## To do
Look for the string "play" in the data below, and copy each line that holds it.

(Items from a dataset)
□ □ □ □ □
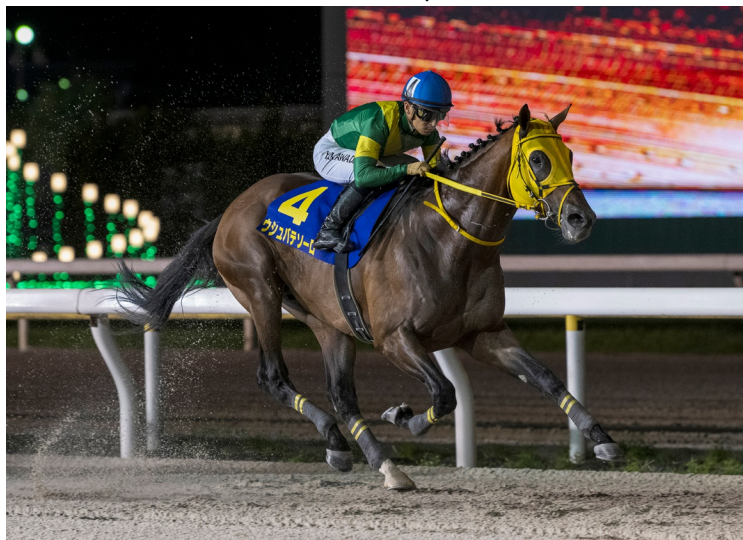
Ushba Tesoro
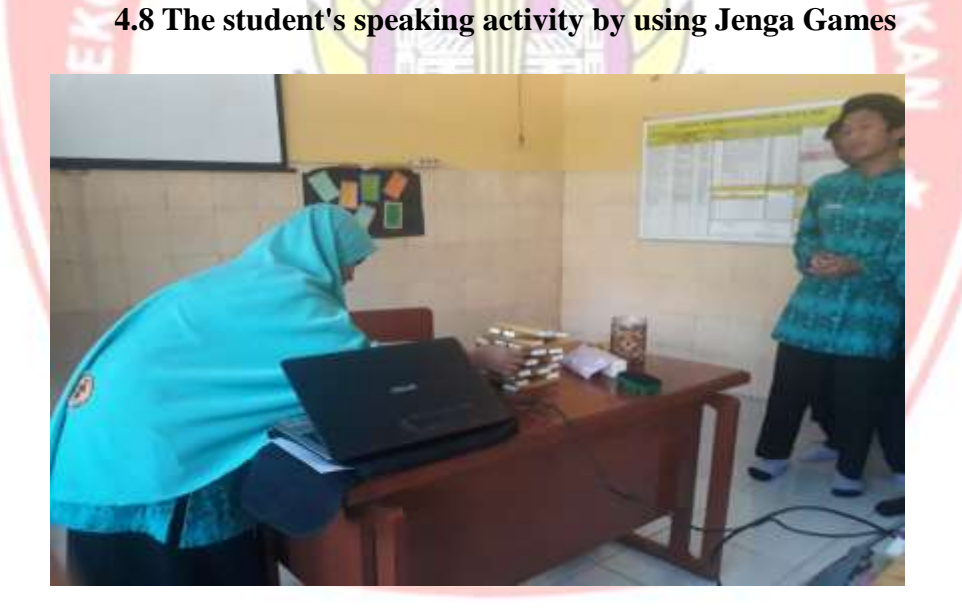
4.9 Picture of the student's play Jenga Games

Teacher: Good job, next student please play Jenga Games.
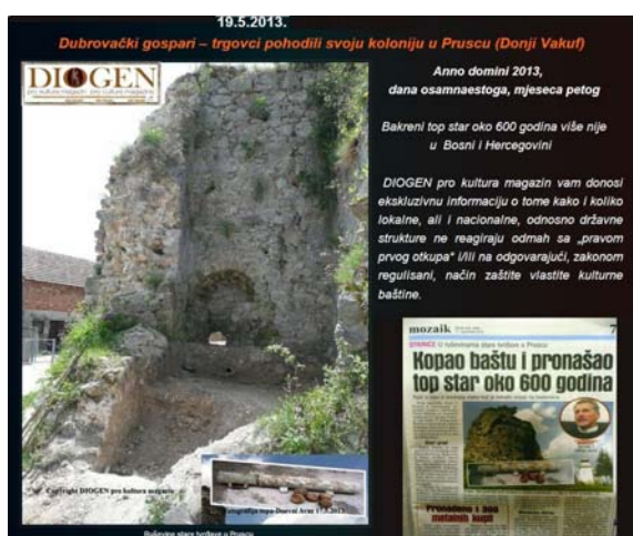
DIOGEN pro kultura magazine, May 2013: http://www.diogenpro.com/rasprodaja-bh-kulturne-bastine.html

Anno Domini 2013 DIOGEN pro culture magazine wrote about "the Dubrovnik gentlemen who came to check out their colony in Prusac" on September 2013 and how and how much local as well as national or state structures do not respond immediately with the "right of first purchase" and/or an appropriate, legally regulated, way protected own cultural heritage.
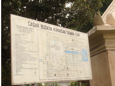
Map of taman sari

(click the picture for more information)
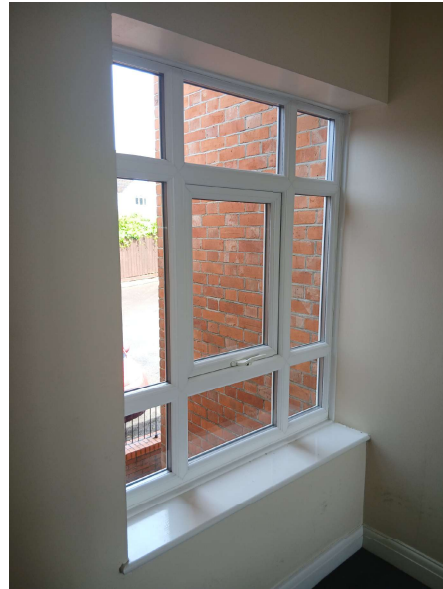
Windows (Communal Windows)
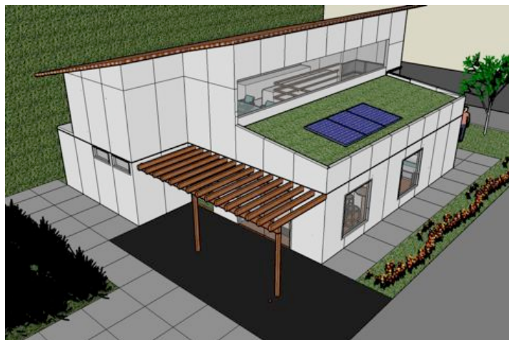
RCE Curitiba-Paraná's new base
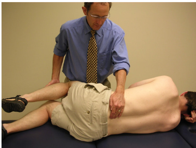
Figure 2 The passive physiological intervertebral motion (PPIVM) test in flexion. The patient is positioned side-lying. The clinician palpates the interspace between the adjacent spinous processes of the target motion segment with one finger, while moving the lumbar spine from neutral into flexion via the patient's uppermost limb.
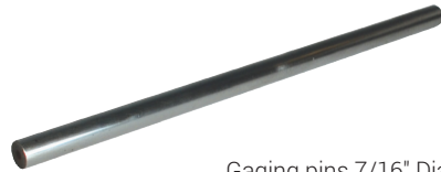
Gaging pins 7/16" Dia.
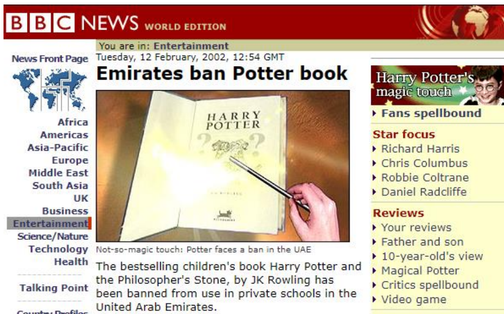
Figure 2 BBC News

Harry Potter and the Sorcerer's Stone and all the rest of the series are part of popular literature, since the books are world-wide popular works – that produced massively for the mass and gained its popularity – it has been read by millions of people, from kids to adults, in many countries with the various background of cultures, traditions, beliefs, and religions. So, it will create different impacts to each reader depending on how the readers take it for themselves. Regarding to it, those who against the materials or contents of this novel believe that Harry Potter books must be banned to read, especially by children. The issues were reported by several news media. For instance, this news from BBC News:
□ □ □ □ □
## Output of the task
4.9 Picture of the student's play Jenga Games
Teacher: Good job, next student please play Jenga Games.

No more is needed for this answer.